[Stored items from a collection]

════

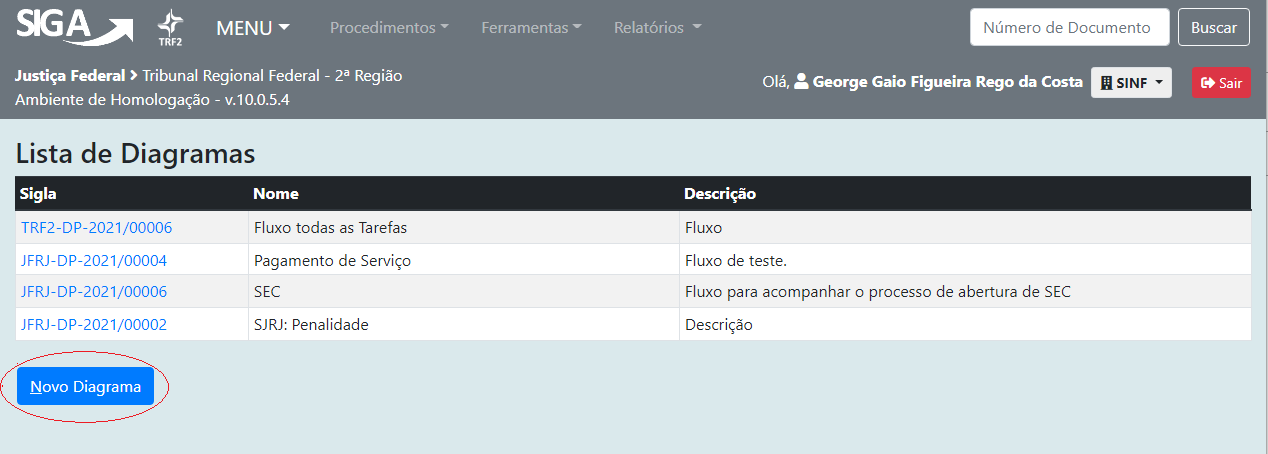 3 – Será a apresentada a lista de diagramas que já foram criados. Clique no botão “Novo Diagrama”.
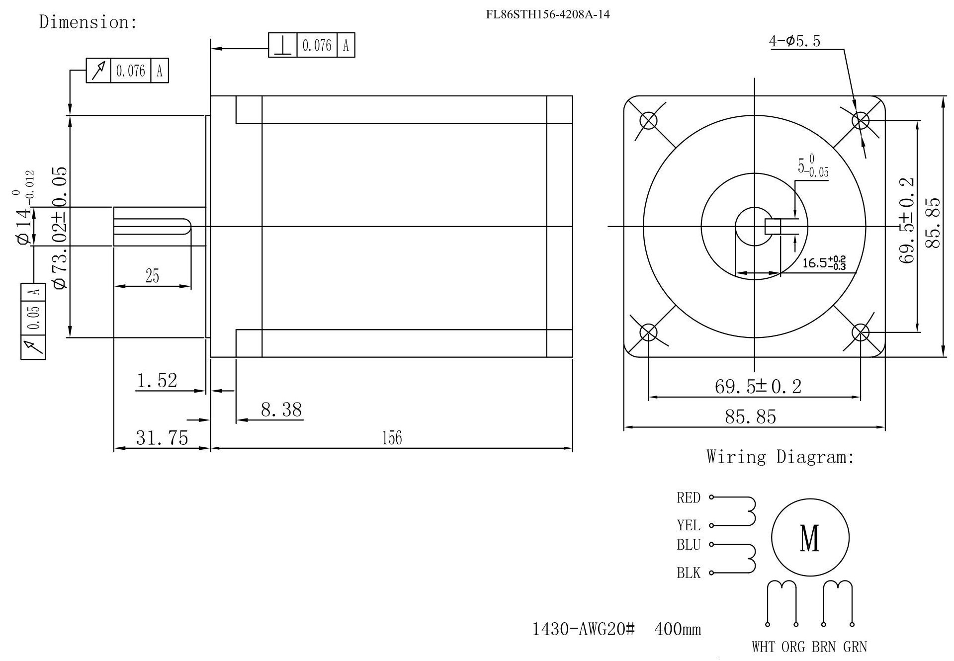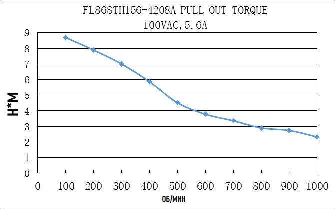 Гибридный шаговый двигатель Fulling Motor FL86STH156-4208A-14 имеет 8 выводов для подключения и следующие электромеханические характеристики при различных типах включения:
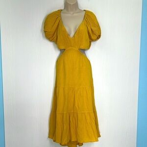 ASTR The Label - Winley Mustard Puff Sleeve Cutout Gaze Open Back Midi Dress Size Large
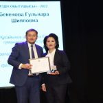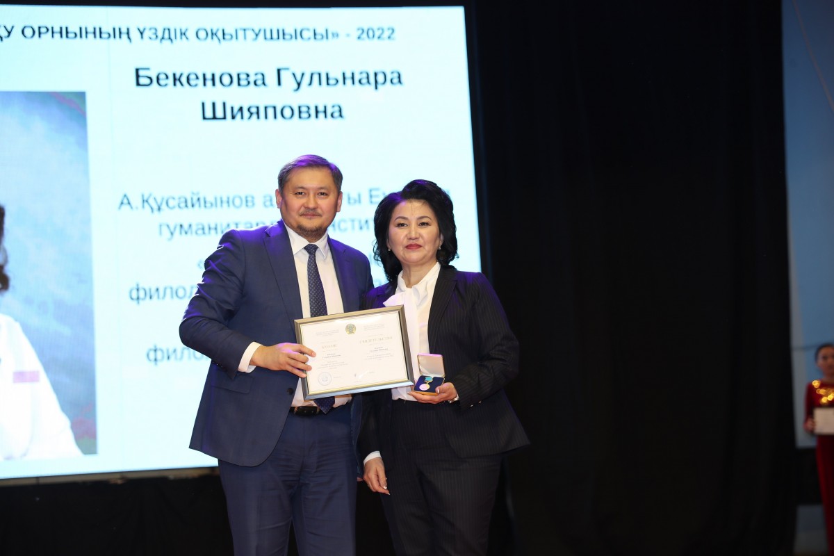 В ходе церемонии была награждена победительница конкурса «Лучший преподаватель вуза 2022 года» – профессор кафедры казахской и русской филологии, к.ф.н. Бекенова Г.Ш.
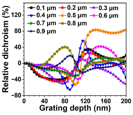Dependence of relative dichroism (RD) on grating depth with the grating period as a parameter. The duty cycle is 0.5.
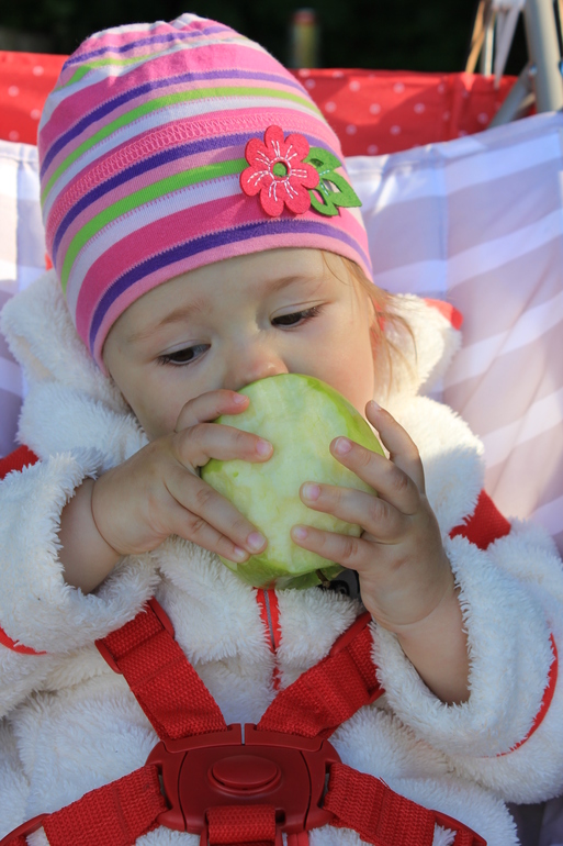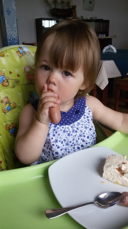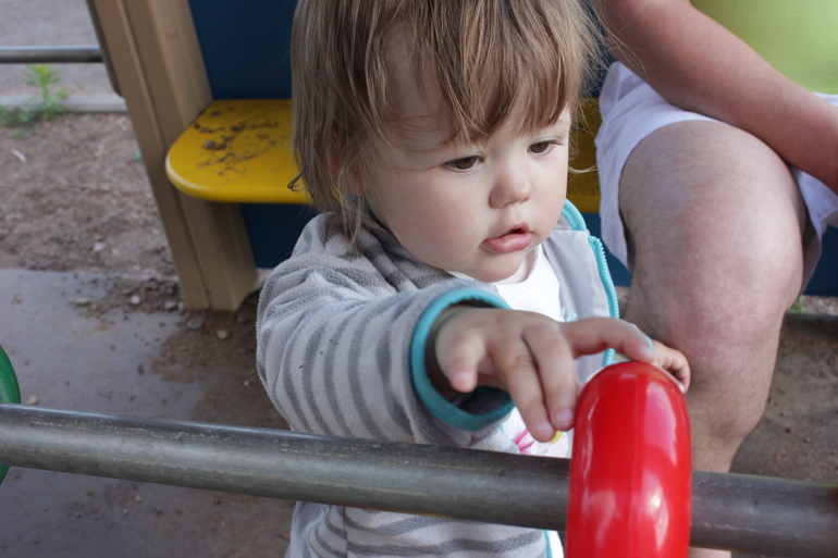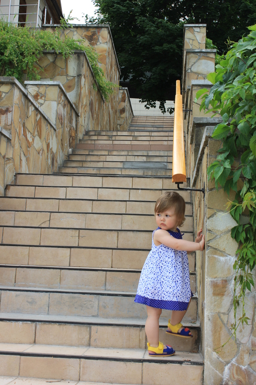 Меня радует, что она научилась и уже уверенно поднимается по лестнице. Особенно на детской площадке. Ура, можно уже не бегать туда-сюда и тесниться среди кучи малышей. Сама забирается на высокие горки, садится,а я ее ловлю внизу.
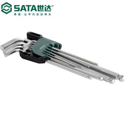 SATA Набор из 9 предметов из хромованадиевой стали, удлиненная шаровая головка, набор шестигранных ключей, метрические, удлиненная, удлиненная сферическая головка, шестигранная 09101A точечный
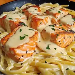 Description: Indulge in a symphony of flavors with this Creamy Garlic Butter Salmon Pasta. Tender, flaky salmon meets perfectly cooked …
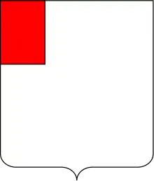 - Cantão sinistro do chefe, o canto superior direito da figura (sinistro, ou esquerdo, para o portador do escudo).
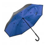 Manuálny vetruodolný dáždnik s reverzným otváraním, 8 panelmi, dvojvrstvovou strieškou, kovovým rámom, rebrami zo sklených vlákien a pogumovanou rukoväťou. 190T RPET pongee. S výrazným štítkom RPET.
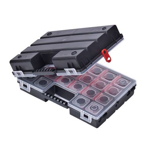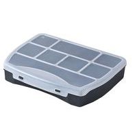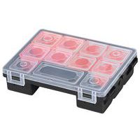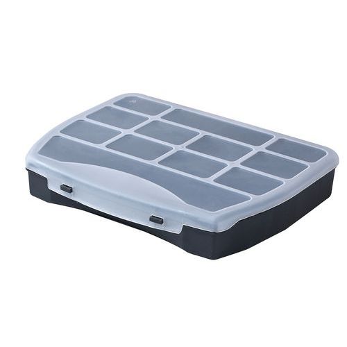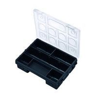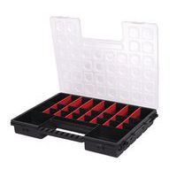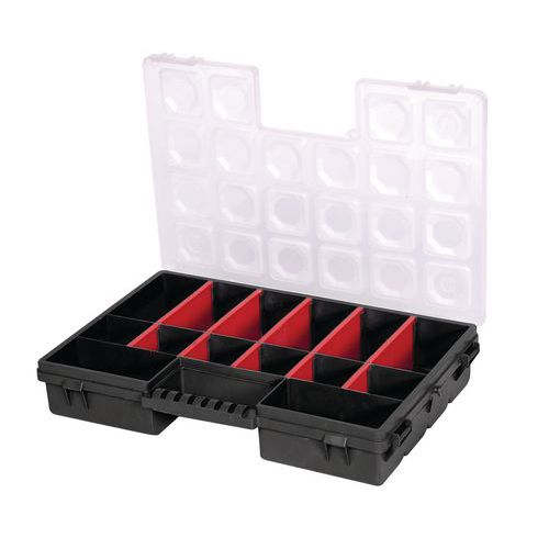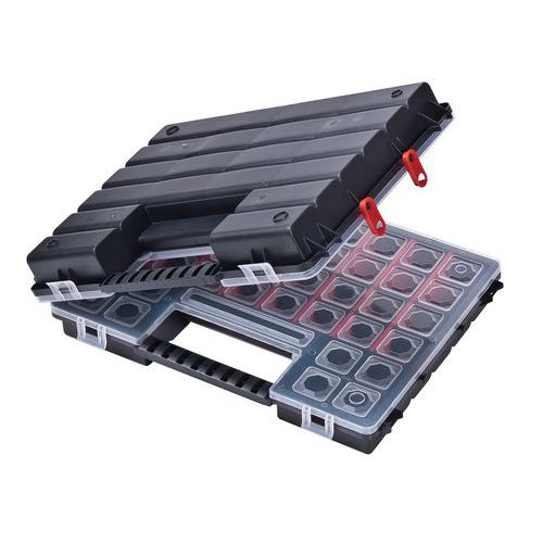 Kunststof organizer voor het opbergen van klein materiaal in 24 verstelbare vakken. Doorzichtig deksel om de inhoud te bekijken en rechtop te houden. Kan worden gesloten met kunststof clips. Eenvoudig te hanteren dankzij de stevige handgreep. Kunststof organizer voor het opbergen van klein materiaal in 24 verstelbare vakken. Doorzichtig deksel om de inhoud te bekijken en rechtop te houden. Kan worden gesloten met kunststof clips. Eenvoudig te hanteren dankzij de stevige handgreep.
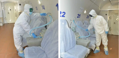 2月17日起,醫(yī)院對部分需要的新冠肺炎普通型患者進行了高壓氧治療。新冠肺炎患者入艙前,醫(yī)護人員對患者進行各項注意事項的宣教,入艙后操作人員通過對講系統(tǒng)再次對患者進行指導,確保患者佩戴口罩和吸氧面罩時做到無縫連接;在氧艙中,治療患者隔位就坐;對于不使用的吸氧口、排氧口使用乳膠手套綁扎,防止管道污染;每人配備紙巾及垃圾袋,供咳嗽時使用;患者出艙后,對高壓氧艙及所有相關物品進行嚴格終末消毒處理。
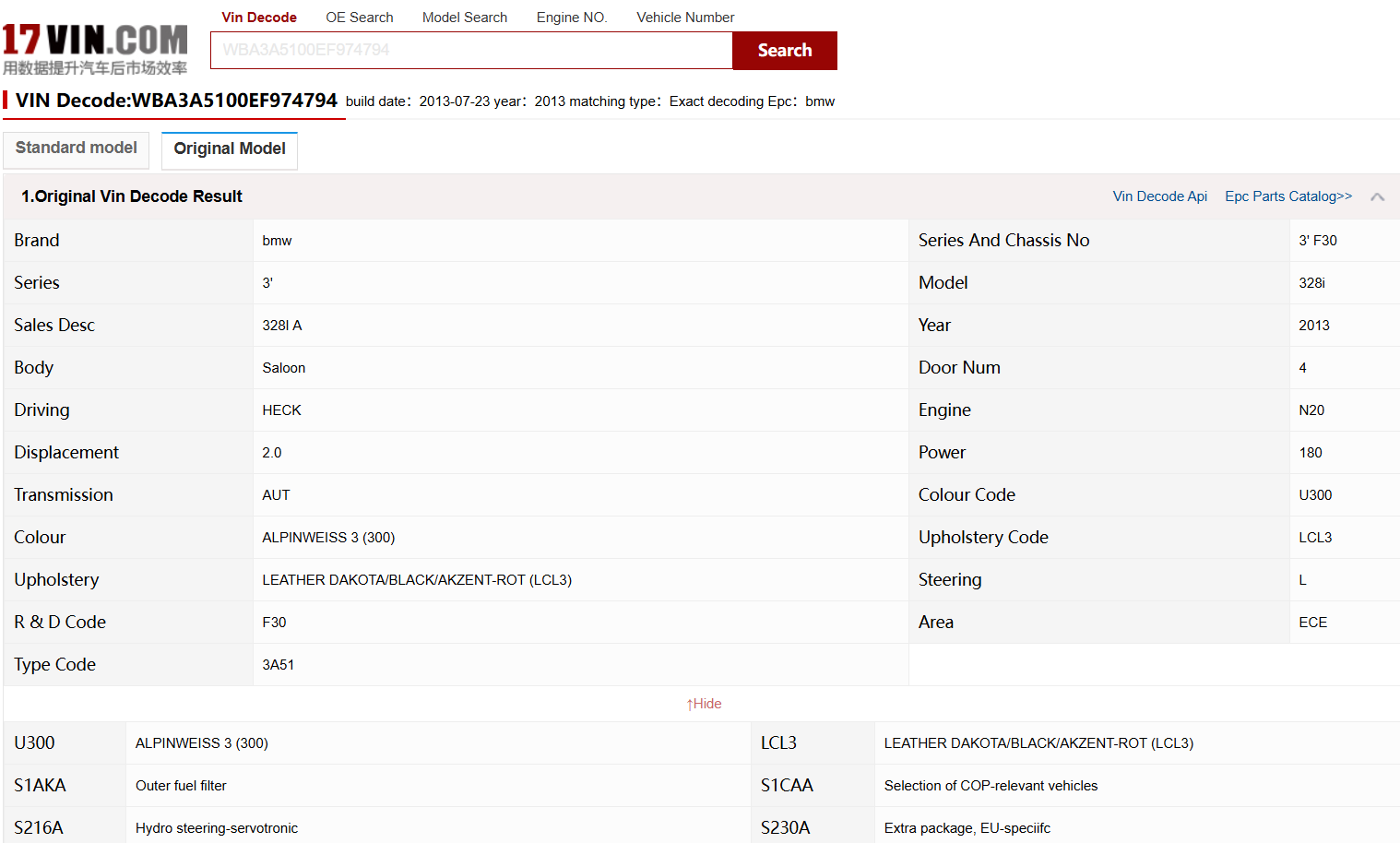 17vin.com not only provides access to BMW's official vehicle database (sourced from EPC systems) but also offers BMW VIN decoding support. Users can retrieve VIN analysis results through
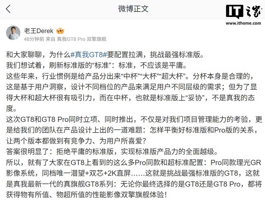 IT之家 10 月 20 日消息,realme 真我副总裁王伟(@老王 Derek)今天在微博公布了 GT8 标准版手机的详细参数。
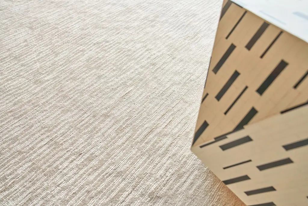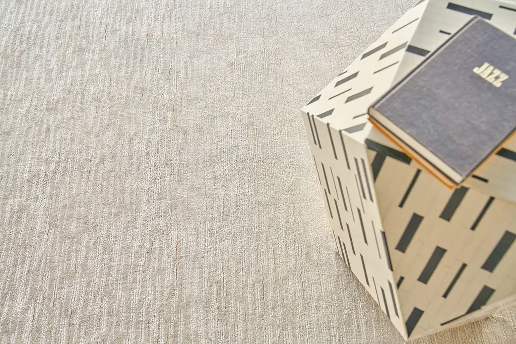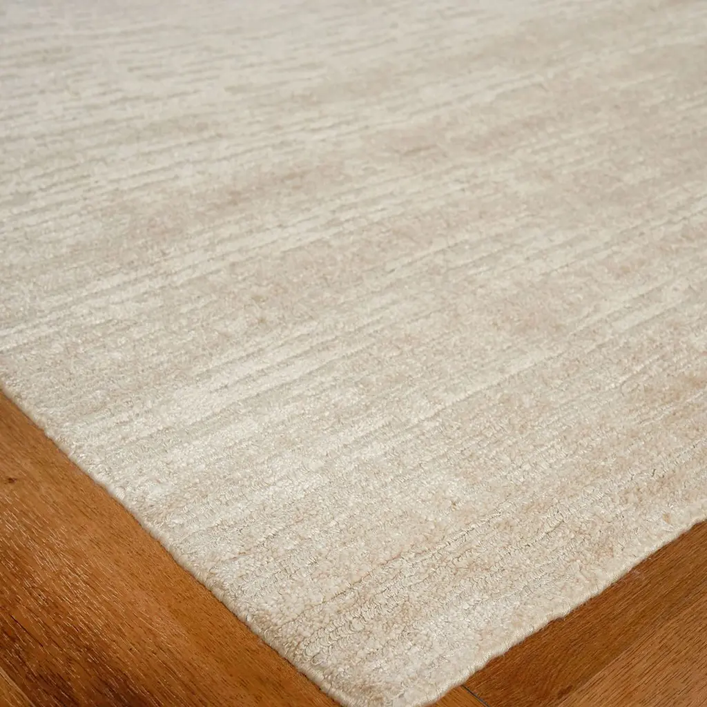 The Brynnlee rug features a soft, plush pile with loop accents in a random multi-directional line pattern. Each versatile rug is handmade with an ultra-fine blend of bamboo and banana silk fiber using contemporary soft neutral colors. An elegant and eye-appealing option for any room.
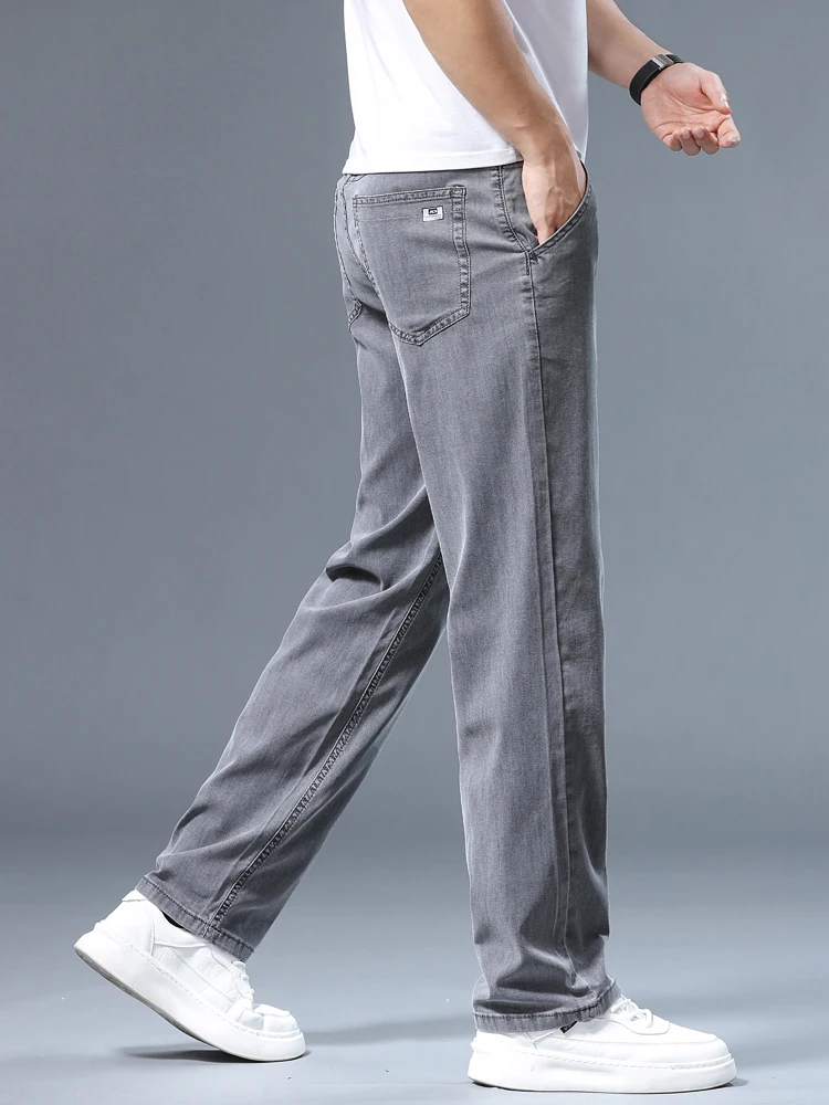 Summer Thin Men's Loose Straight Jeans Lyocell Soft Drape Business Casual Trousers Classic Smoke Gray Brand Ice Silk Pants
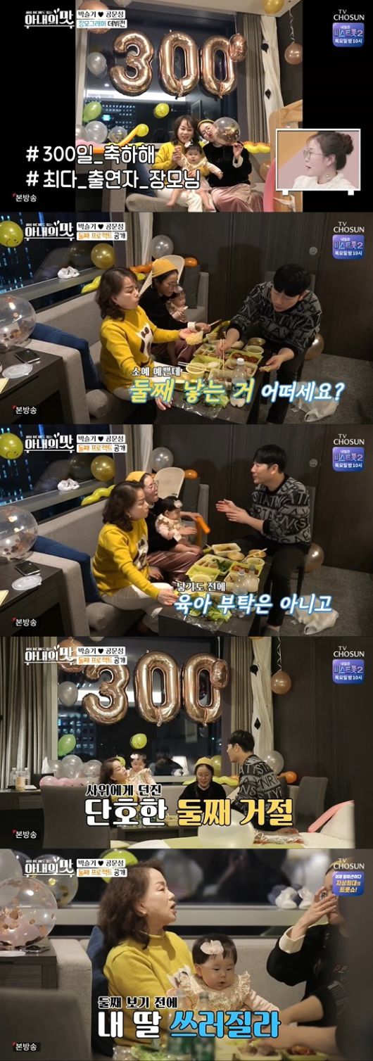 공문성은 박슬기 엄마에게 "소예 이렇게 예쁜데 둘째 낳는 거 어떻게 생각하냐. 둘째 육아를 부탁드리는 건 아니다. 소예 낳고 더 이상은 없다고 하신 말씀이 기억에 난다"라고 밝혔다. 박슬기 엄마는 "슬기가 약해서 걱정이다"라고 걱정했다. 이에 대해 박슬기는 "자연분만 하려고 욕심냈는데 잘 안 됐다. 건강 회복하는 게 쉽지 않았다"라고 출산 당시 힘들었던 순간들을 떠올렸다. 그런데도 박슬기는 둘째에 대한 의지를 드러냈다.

════

EXERCISE PROMPT: Write back word for word every line in the entries above from the one with "Гибридный шаговый двигатель" to the one with "Меня радует, что", ends included, and none of the pictures.

ANSWER TO THIS PROBLEM:
 Гибридный шаговый двигатель Fulling Motor FL86STH156-4208A-14 имеет 8 выводов для подключения и следующие электромеханические характеристики при различных типах включения:
 ASTR The Label - Winley Mustard Puff Sleeve Cutout Gaze Open Back Midi Dress Size Large
 В ходе церемонии была награждена победительница конкурса «Лучший преподаватель вуза 2022 года» – профессор кафедры казахской и русской филологии, к.ф.н. Бекенова Г.Ш.
Dependence of relative dichroism (RD) on grating depth with the grating period as a parameter. The duty cycle is 0.5.
 Меня радует, что она научилась и уже уверенно поднимается по лестнице. Особенно на детской площадке. Ура, можно уже не бегать туда-сюда и тесниться среди кучи малышей. Сама забирается на высокие горки, садится,а я ее ловлю внизу.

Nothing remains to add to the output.